Cosa c’entra il memoriale della Shoa di Milano con l’emergenza immigrati? È un modo come un altro per placare la coscienza, un trend sociale o cosa altro?
La risposta è molto più profonda e risiede nella “necessità” di occuparsi attivamente del presente storico. Il Memoriale della Shoa, infatti, mettendo a disposizione – tramite la Fondazione connessa – non solo parte dei locali della Stazione Centrale di Milano, ma anche risorse e attenzione, ha fatto fronte al rischio più lampante che esso stesso poteva correre: il rimanere un monumento di se stesso che lentamente sbiadisce nel tempo e nel ricordo perché manca la forza di rendere attuale il messaggio proposto.
Sul sito del Memoriale leggiamo: “La memoria autentica scongiura la formazione di un vuoto alle nostre spalle.

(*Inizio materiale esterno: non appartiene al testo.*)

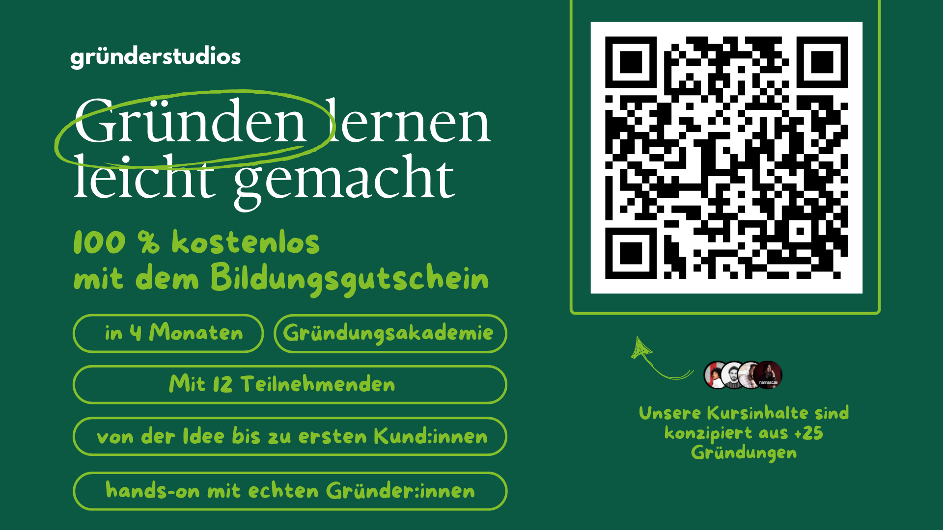 Wir suchen zukünftige Gründer:innen & Selbstständige, die ihren Bildungsgutschein einlösen wollen, um in 4 Monaten alles über die Gründung lernen in direkter Zusammenarbeit mit erfahrenen Gründer:innen. Hier mehr erfahren

Attenua quella comprensibile tendenza alla rimozione del passato che toglie gradatamente senso agli avvenimenti, spingendoli nel pozzo della storia fino a confonderli con tanti altri. Il ricordo è un esercizio salutare: apre la mente e i cuori, ci fa guardare all’attualità con meno pregiudizi e minori ambiguità. Il ricordo è protezione dalle suggestioni ideologiche, dalle ondate di odio e sospetti” e ancora “La memoria è un dovere morale, un impegno civile. Se rituale è inutile. Se strumentale, persino pericolosa. Se scolora nella banalità allontana la percezione del dolore”.
Alla luce di ciò “accoglienza” diviene la parola d’ordine, accoglienza come antidoto per combattere le atrocità causate dall’indifferenza. E indifferenza è il termine che campeggia all’ingresso del Memoriale, quella stessa indifferenza che Milano, come mille altri luoghi, ha dimostrato girando il capo e distraendo l’attenzione nel momento di una delle più orribili tragedie del genere umano.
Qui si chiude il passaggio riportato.